(Data excerpts)

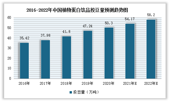 自2016年以來,我國用于植物蛋白飲料的投豆量逐年增長。數據顯示,2020年我國50強規模企業用于植物蛋白飲料的投豆量從2016年的35.42萬噸增至50.3萬噸,預計到2022年投豆量可達到58.2萬噸。
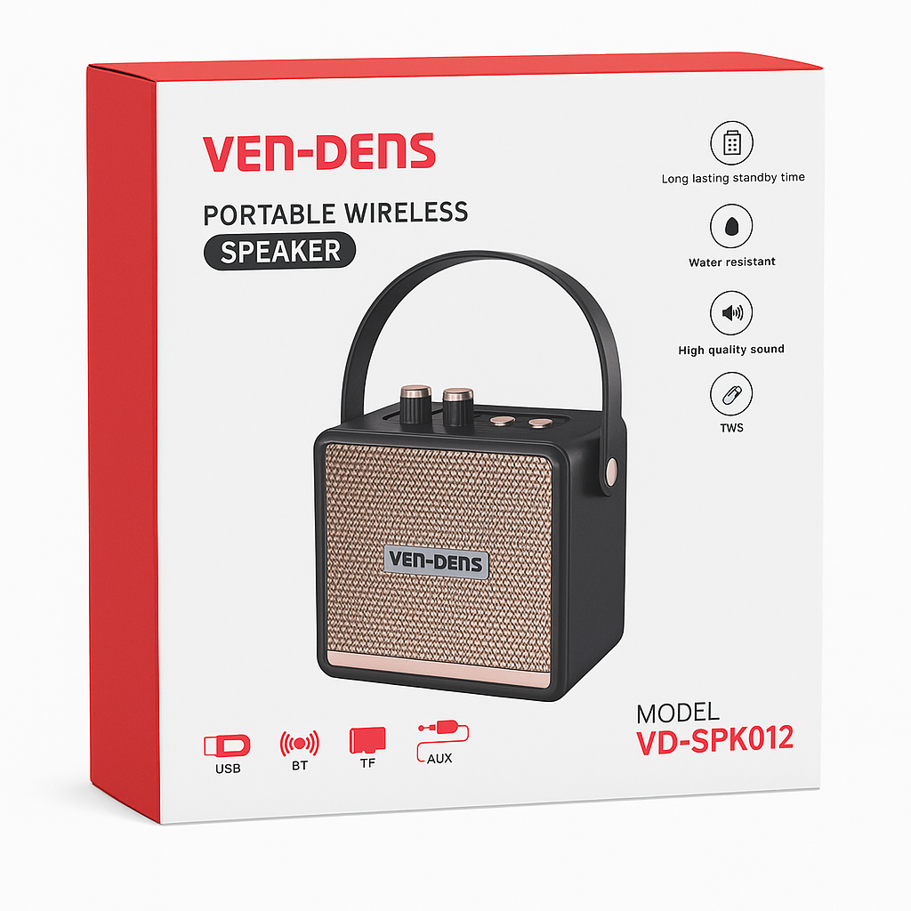 Compact, take-anywhere Bluetooth speaker from Ven Dens. The VD-SPK012 is designed for everyday listening at home, in the office or on the move, with simple wireless pairing and a rechargeable battery in a rugged, portable shell.
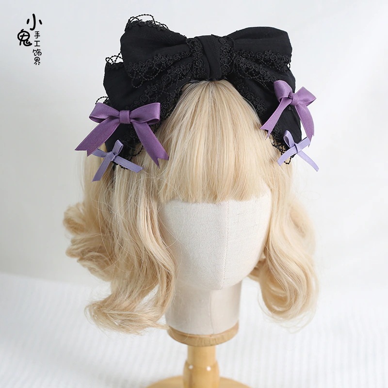 【1点ご購入 で10点プレゼントいたします】少女黒紫ゴシックdollLolita姫レース歯付き滑り止めリボンカチューシャ
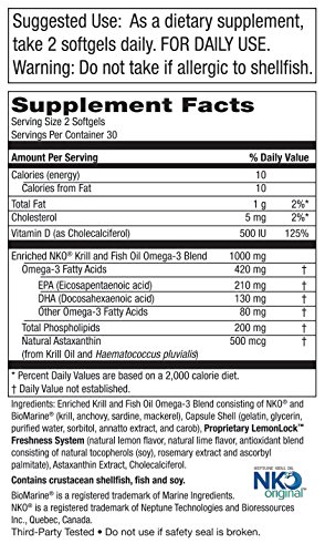 While Fish Oils are a greater source of DHA and EPA, they do not contain the valuable phospholipids found in Krill Oil. Krill Omega 50+ contains both Fish Oil and Krill Oil... the BEST of BOTH worlds in one single formula. Because Krill Omega 50+ is fortified with ultra-pure, concentrated Fish Oil it contains 3X more DHA & EPA than Krill Oil alone. In addition, Krill Omega 50+ provides 500 IU of Vitamin D3, as well as 500mcg of the valuable carotenoid, Astaxanthin.
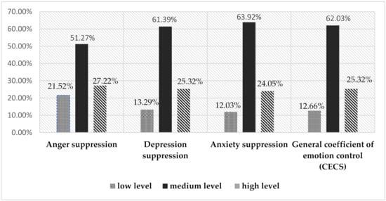Percentage spread of emotion suppression levels according to the CECS scale.
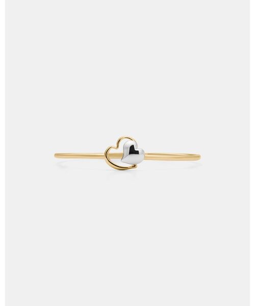 バレンタインギフトにおすすめのハートアイテム異なるふたつのハートが重なり、新しい愛のストーリーを描くアムール バングル。ゴールドとシルバーのバイカラーでシンプルなデザイン。あらゆる着こなしに馴染む華奢なラインで、手元に愛らしいアクセントを演出します。普遍的なシンボルは、自分自身へのお守りや大切な人への贈り物としても最適です。【商品詳細】・重さ:8.9g・ヒンジクロージャー
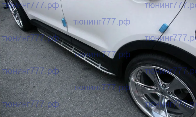 Боковые пороги на Хендай Санта Фе 3 обеспечивают комфорт посадки в автомобиль пассажирам, особенно удобны эти пороги для детей и пожилых людей. Также это защита ваших дверей от повреждения на тесных парковках от ударов дверьми соседних машин. Обращаем внимание что штатные передние брызговики вам придется снять либо доработать для установки с порогами.
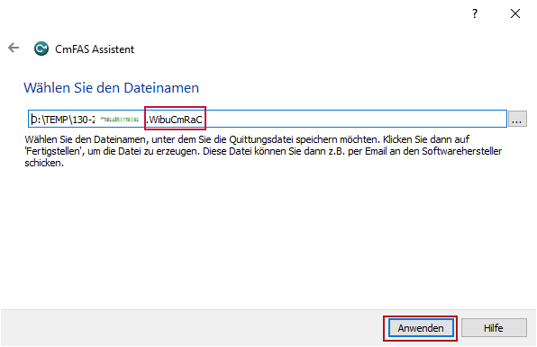 Die Quittungsdatei hat wieder die Endung *.WibuCmRaC. Eine zuvor erzeugte Lizenzanforderungsdatei können Sie überschreiben. Siehe Lizenzanforderungsdatei erzeugen.

:: What to do ::
Write out the records shown above exactly, but do not include any images.

:: Exercise solution ::
 自2016年以來,我國用于植物蛋白飲料的投豆量逐年增長。數據顯示,2020年我國50強規模企業用于植物蛋白飲料的投豆量從2016年的35.42萬噸增至50.3萬噸,預計到2022年投豆量可達到58.2萬噸。
 Compact, take-anywhere Bluetooth speaker from Ven Dens. The VD-SPK012 is designed for everyday listening at home, in the office or on the move, with simple wireless pairing and a rechargeable battery in a rugged, portable shell.
 【1点ご購入 で10点プレゼントいたします】少女黒紫ゴシックdollLolita姫レース歯付き滑り止めリボンカチューシャ
 While Fish Oils are a greater source of DHA and EPA, they do not contain the valuable phospholipids found in Krill Oil. Krill Omega 50+ contains both Fish Oil and Krill Oil... the BEST of BOTH worlds in one single formula. Because Krill Omega 50+ is fortified with ultra-pure, concentrated Fish Oil it contains 3X more DHA & EPA than Krill Oil alone. In addition, Krill Omega 50+ provides 500 IU of Vitamin D3, as well as 500mcg of the valuable carotenoid, Astaxanthin.
Percentage spread of emotion suppression levels according to the CECS scale.
 バレンタインギフトにおすすめのハートアイテム異なるふたつのハートが重なり、新しい愛のストーリーを描くアムール バングル。ゴールドとシルバーのバイカラーでシンプルなデザイン。あらゆる着こなしに馴染む華奢なラインで、手元に愛らしいアクセントを演出します。普遍的なシンボルは、自分自身へのお守りや大切な人への贈り物としても最適です。【商品詳細】・重さ:8.9g・ヒンジクロージャー
 Боковые пороги на Хендай Санта Фе 3 обеспечивают комфорт посадки в автомобиль пассажирам, особенно удобны эти пороги для детей и пожилых людей. Также это защита ваших дверей от повреждения на тесных парковках от ударов дверьми соседних машин. Обращаем внимание что штатные передние брызговики вам придется снять либо доработать для установки с порогами.
 Die Quittungsdatei hat wieder die Endung *.WibuCmRaC. Eine zuvor erzeugte Lizenzanforderungsdatei können Sie überschreiben. Siehe Lizenzanforderungsdatei erzeugen.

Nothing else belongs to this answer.